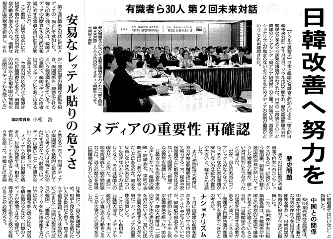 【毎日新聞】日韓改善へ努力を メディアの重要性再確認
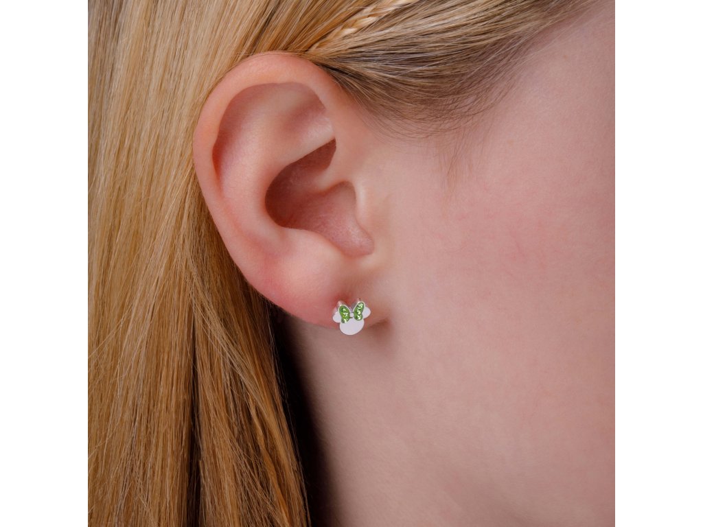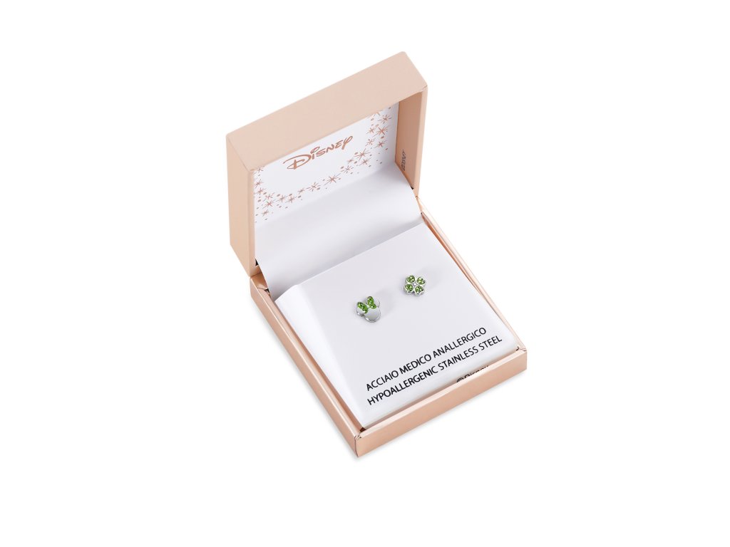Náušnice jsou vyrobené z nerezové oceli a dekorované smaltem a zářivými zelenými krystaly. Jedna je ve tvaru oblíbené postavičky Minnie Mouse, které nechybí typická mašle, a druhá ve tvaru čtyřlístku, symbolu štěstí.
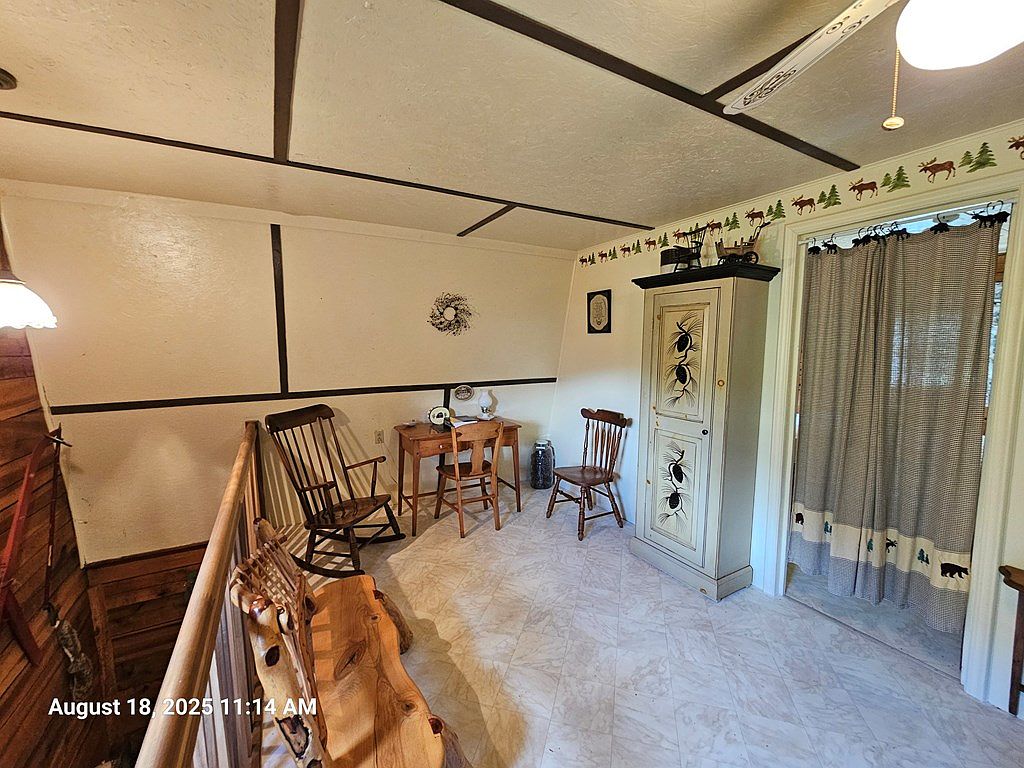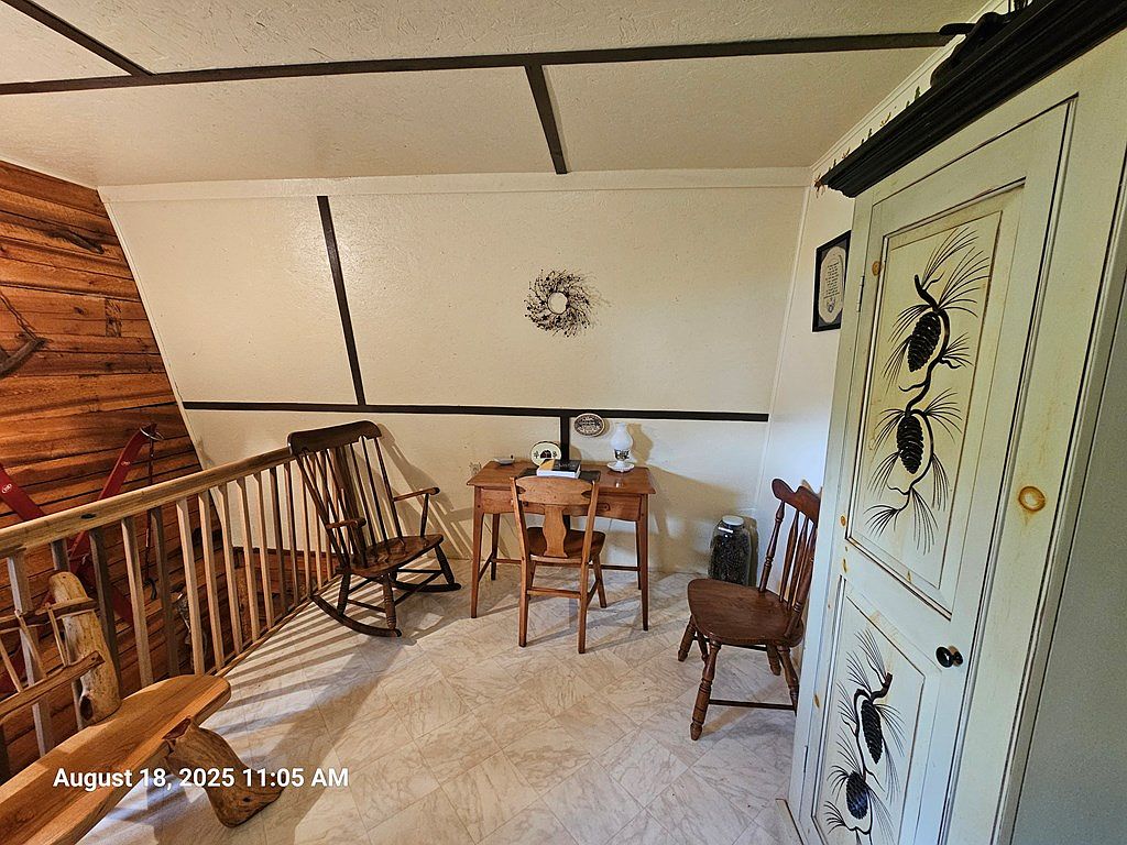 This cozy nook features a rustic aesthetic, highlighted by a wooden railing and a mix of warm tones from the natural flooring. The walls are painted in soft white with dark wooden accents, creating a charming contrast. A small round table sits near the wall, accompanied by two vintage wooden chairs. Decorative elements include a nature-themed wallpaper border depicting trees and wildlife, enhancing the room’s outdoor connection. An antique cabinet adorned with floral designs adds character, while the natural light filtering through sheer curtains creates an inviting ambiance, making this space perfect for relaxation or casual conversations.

════════════════

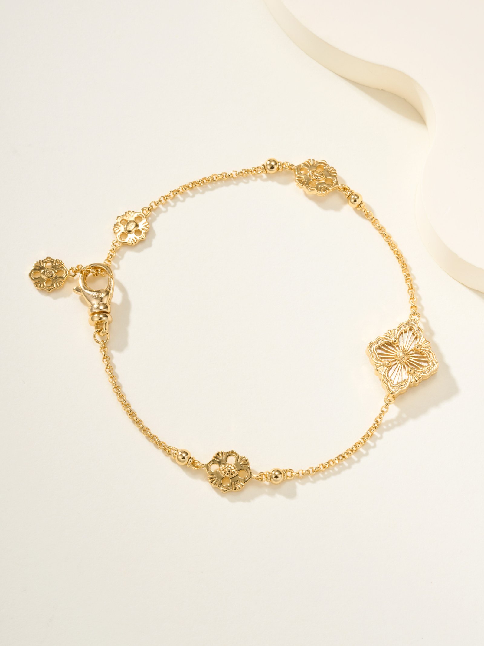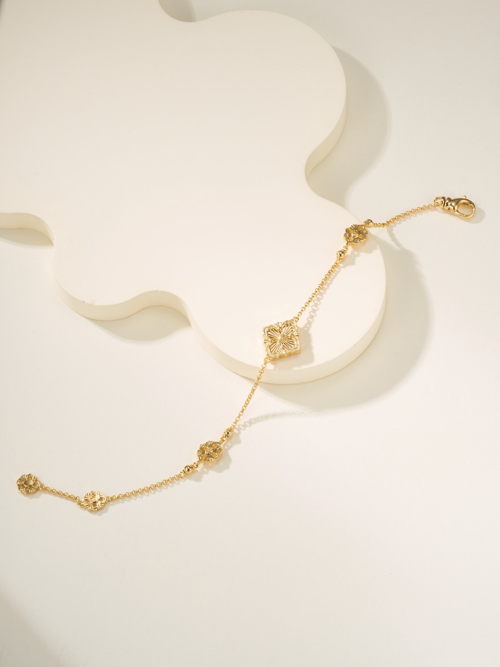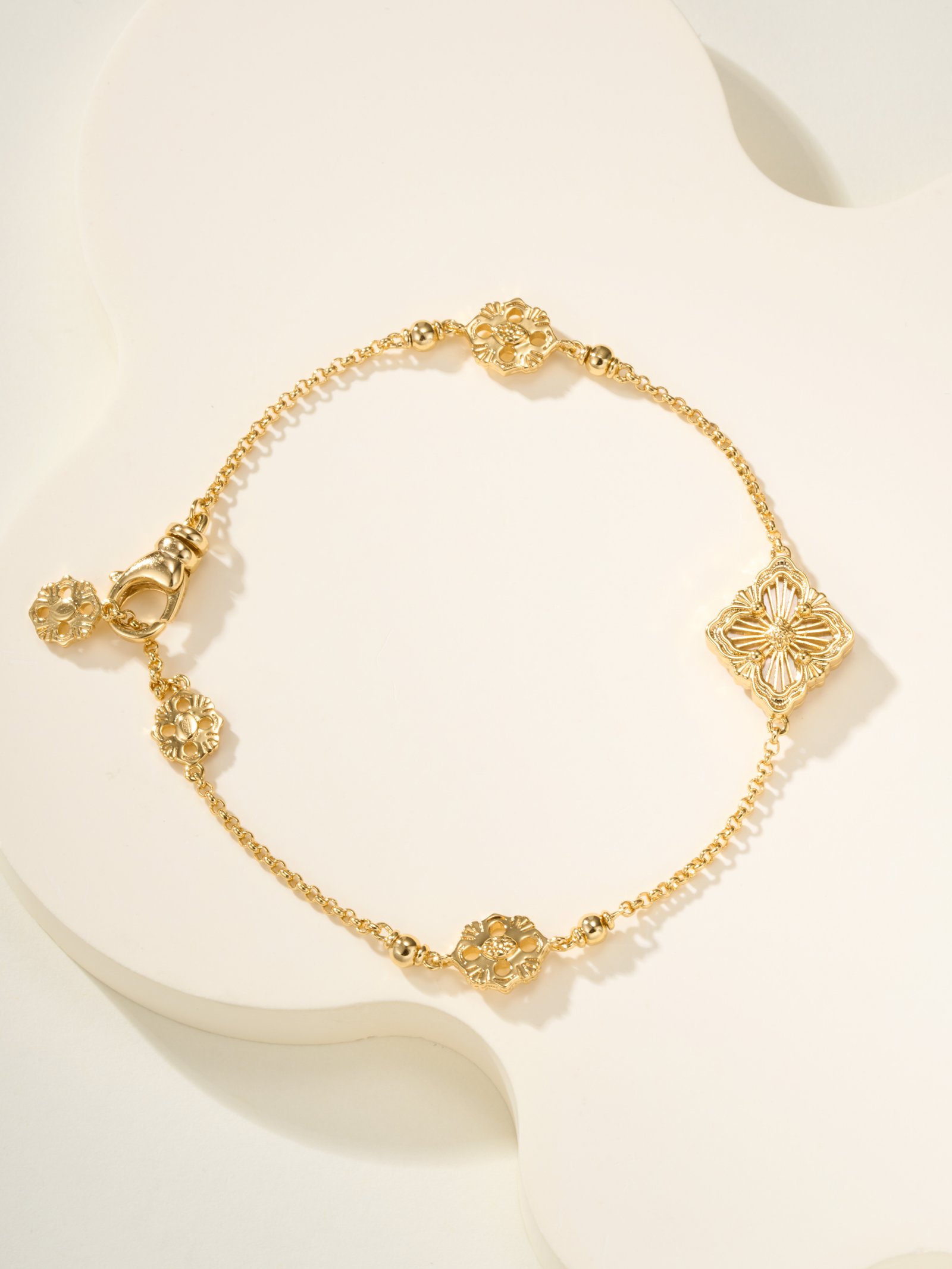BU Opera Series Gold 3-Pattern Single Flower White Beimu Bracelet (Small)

════════════════

Assigned task:
Look above for the line with "Náušnice jsou vyrobené"; quote it and every line after it, stopping after the line with "This cozy nook", exactly, with nothing added and without pictures.

Solution to this problem:
Náušnice jsou vyrobené z nerezové oceli a dekorované smaltem a zářivými zelenými krystaly. Jedna je ve tvaru oblíbené postavičky Minnie Mouse, které nechybí typická mašle, a druhá ve tvaru čtyřlístku, symbolu štěstí.
 This cozy nook features a rustic aesthetic, highlighted by a wooden railing and a mix of warm tones from the natural flooring. The walls are painted in soft white with dark wooden accents, creating a charming contrast. A small round table sits near the wall, accompanied by two vintage wooden chairs. Decorative elements include a nature-themed wallpaper border depicting trees and wildlife, enhancing the room’s outdoor connection. An antique cabinet adorned with floral designs adds character, while the natural light filtering through sheer curtains creates an inviting ambiance, making this space perfect for relaxation or casual conversations.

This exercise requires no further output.